(Dataset excerpts)
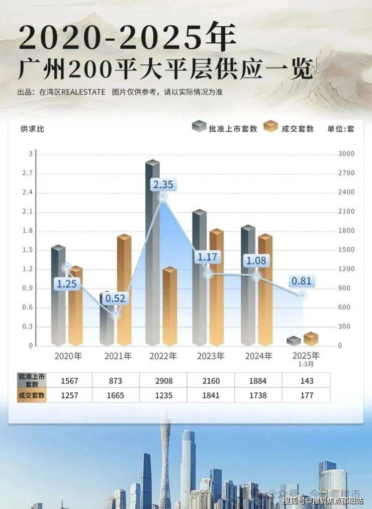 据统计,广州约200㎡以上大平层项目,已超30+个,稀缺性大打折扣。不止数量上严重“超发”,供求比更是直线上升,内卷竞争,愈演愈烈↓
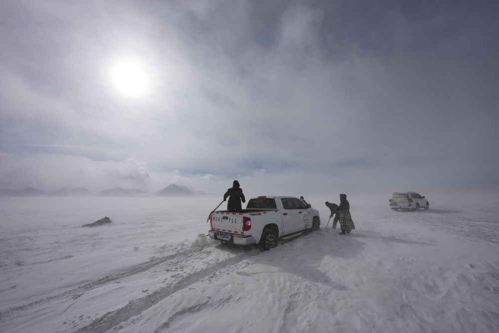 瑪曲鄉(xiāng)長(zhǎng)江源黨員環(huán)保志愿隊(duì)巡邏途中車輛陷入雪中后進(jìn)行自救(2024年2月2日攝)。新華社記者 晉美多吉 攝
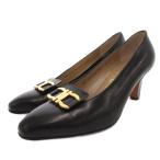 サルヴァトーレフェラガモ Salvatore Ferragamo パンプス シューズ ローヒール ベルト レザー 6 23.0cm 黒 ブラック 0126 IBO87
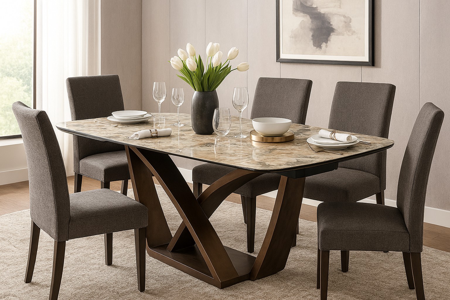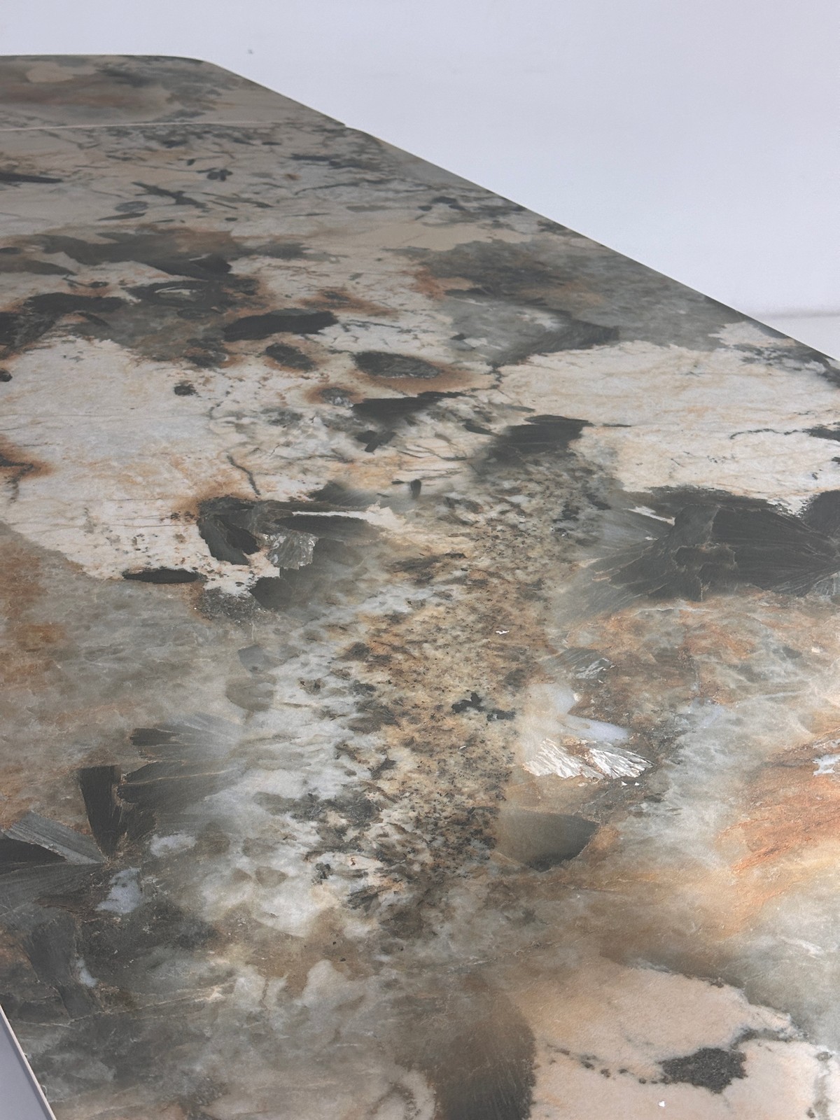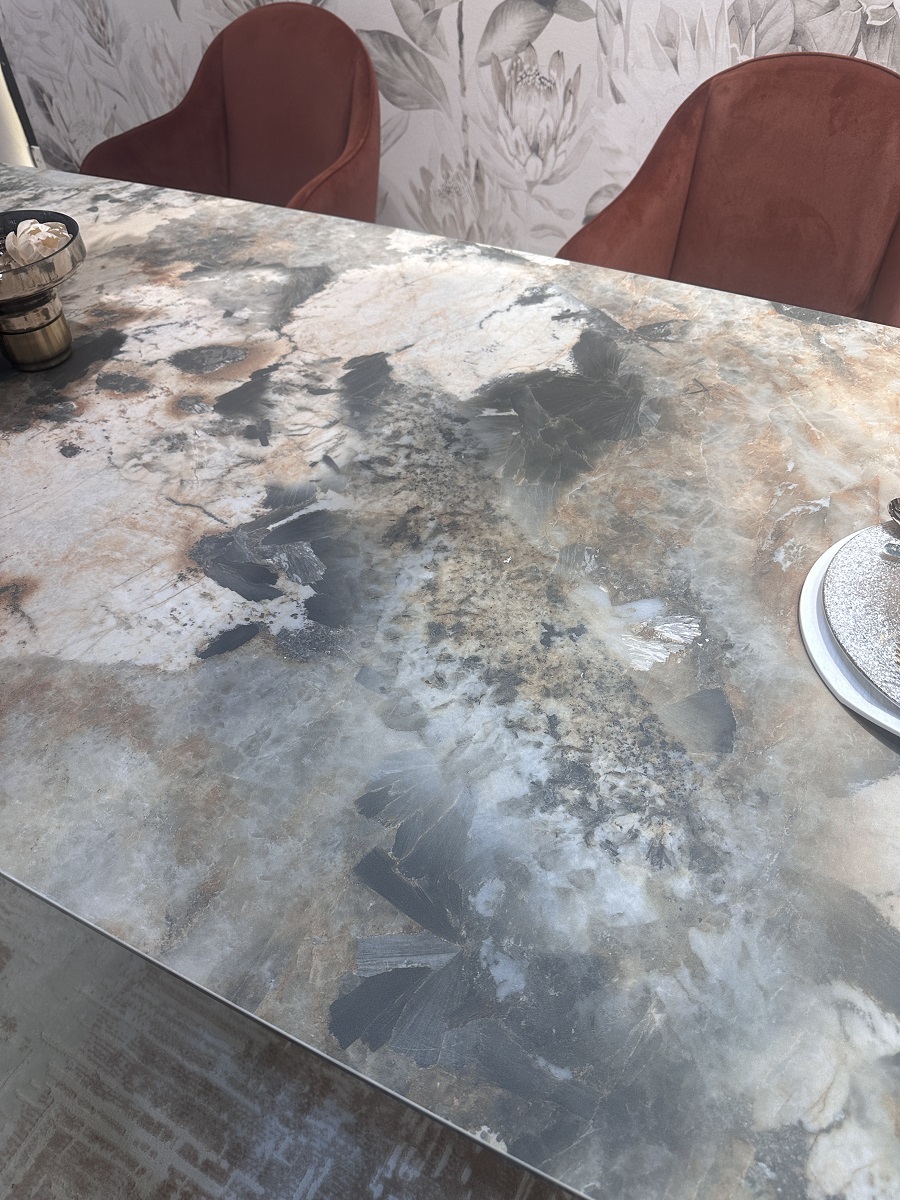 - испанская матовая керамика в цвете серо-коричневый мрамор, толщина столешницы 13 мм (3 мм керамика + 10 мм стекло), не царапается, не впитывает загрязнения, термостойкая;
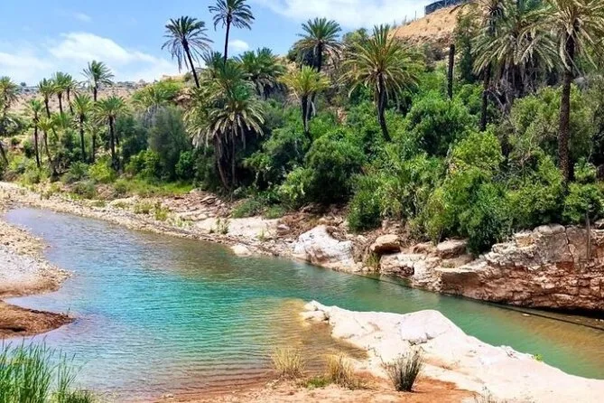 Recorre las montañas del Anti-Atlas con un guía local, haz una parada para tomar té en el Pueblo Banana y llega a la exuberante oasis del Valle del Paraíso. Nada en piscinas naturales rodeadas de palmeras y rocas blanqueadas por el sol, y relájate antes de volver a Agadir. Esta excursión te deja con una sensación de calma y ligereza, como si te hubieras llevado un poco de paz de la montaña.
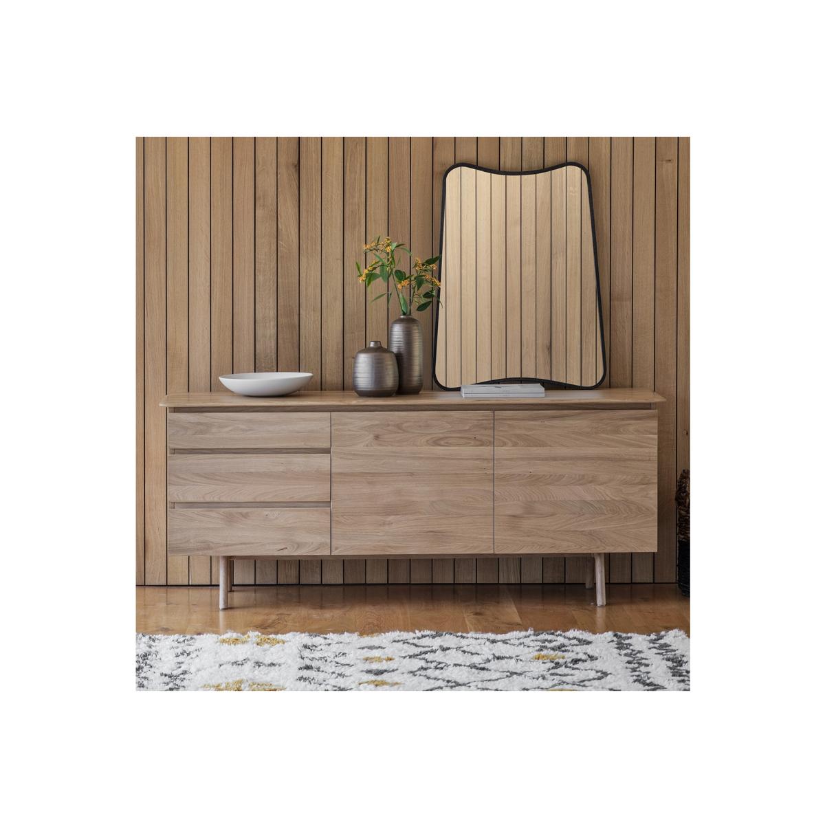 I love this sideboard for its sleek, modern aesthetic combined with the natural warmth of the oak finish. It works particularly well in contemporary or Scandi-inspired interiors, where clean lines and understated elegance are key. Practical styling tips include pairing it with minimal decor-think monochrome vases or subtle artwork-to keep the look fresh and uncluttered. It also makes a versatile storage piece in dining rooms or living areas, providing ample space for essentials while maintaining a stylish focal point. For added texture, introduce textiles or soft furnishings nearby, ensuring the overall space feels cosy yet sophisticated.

▸ What you have to do: Please return only the lines from the top of the data through the line with "サルヴァトーレフェラガモ Salvatore Ferragamo", exactly as written, and drop every picture.

▸ Response to this exercise:
 据统计,广州约200㎡以上大平层项目,已超30+个,稀缺性大打折扣。不止数量上严重“超发”,供求比更是直线上升,内卷竞争,愈演愈烈↓
 瑪曲鄉(xiāng)長(zhǎng)江源黨員環(huán)保志愿隊(duì)巡邏途中車輛陷入雪中后進(jìn)行自救(2024年2月2日攝)。新華社記者 晉美多吉 攝
 サルヴァトーレフェラガモ Salvatore Ferragamo パンプス シューズ ローヒール ベルト レザー 6 23.0cm 黒 ブラック 0126 IBO87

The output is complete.